Singapore is a major commercial centre in South East Asia and has a population of about 5.1 million with major ethnic groups including Chinese (74.1%), Malay (13.4%), Indian (9.2%) and other ethnicities (3.3%) distributed across all parts of the island. This multiethnic population offers a unique opportunity for studying cultural and social differences in suicide behaviors. The suicide rate in Singapore is about 13 per 100,000, ranking in the middle among other countries in the West and is comparable to most developed countries (La Vecchia, Lucchini, & Levi, 1994). Previous studies in Singapore have found suicide rates increase with age, have a lower male:female ratio compared to other countries, and are correlated with unemployment (Loh et al., 2007). Like many other countries, there are variations in suicide rates across ethnic groups within the community. A study in the early 1970s found similar suicide rates between Chinese (12.4 per 100,000 in males and 8.90 per 100,000 in females) and Indians (10.9 per 100,000 in males and 8.70 per 100,000 in females; Chia & Tsoi, 1972). Other studies reported the highest suicide rate among Indians with 13.7 per 100,000 in 1980 (Tsoi & Kok, 1982) and 20.3 per 100,000 in 1986 (Peng & Choo, 1990). A study of the elderly conducted in the late 1980s found a higher suicide rate in Chinese (59.3 per 100,000) compared to Indians (33.9 per 100,000) and Malays (3.0 per 100,000; Ko & Kua, 1995). Later studies, continued to find that Chinese had the highest suicide rates, followed by Indians and Malays (Chia, Chia, Yee, & Choo, 2010; Loh et al., 2007). A study of 251 cases of completed suicide conducted by Murty and colleagues in Malaysia, a country that has close geographical connection to Singapore and shares similar ethnic groups (Malays, Chinese, and Indians) and cultures, found a distribution on the order of 48% Chinese, 35% Indian, 6% Malay, and 11% other ethnic groups (Murty et al., 2008). Another Malaysian study also found that Chinese were more likely than Malays to report suicide plans and that Malays had consistently lower rates of suicide attempts than Chinese and Indians (Foo, Mohd Alwi, Ismail, Ibrahim, & Jamil Osman, 2014).

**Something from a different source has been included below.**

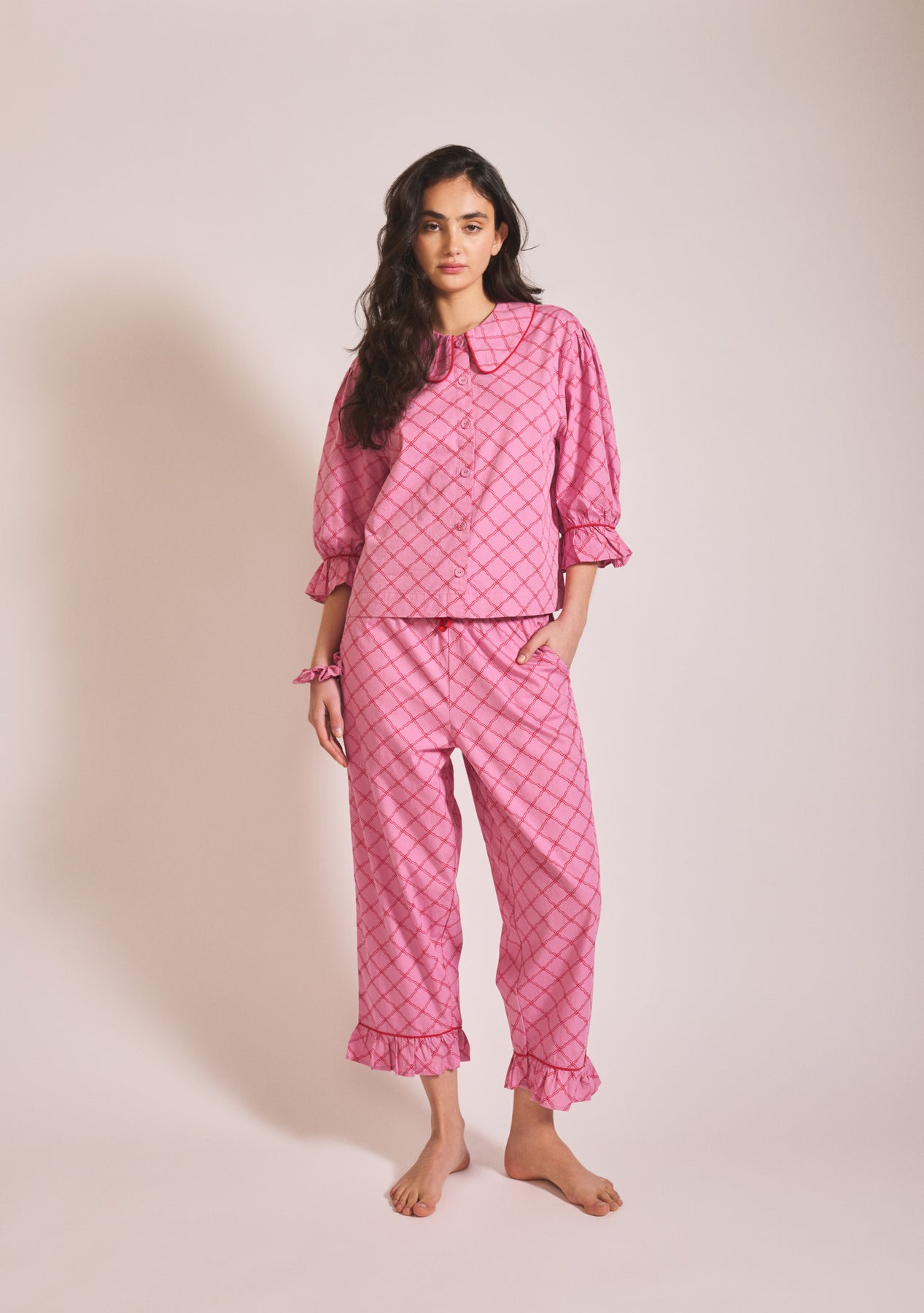 Pyjama court en coton Treillis rose

Religion can influence individuals’ attitudes toward the meaning of life and death, and end-of-life decisions. Religion can also contribute to the differences in how various ethnic groups tolerate and accept suicide as a way of life. Religiosity has been shown to be associated with reduced risk of suicidality (Lizardi et al., 2007). This effect is due to several factors. Most religions have sanctions against suicide and this may inhibit suicide behavior in individuals with strong religious commitments. Religious individuals are also more likely to be involved in activities organized by their religion, which provide opportunities to develop an extended support network. Furthermore, religiosity has been shown to be associated with lower levels of aggression and hostility, perhaps reflecting religious teachings (Koenig, McCullough, & Larson, 2001). Nevertheless, for members of certain religions that may be ambivalent and permissive about suicide, it may become a negative coping method (Pargament, 1997).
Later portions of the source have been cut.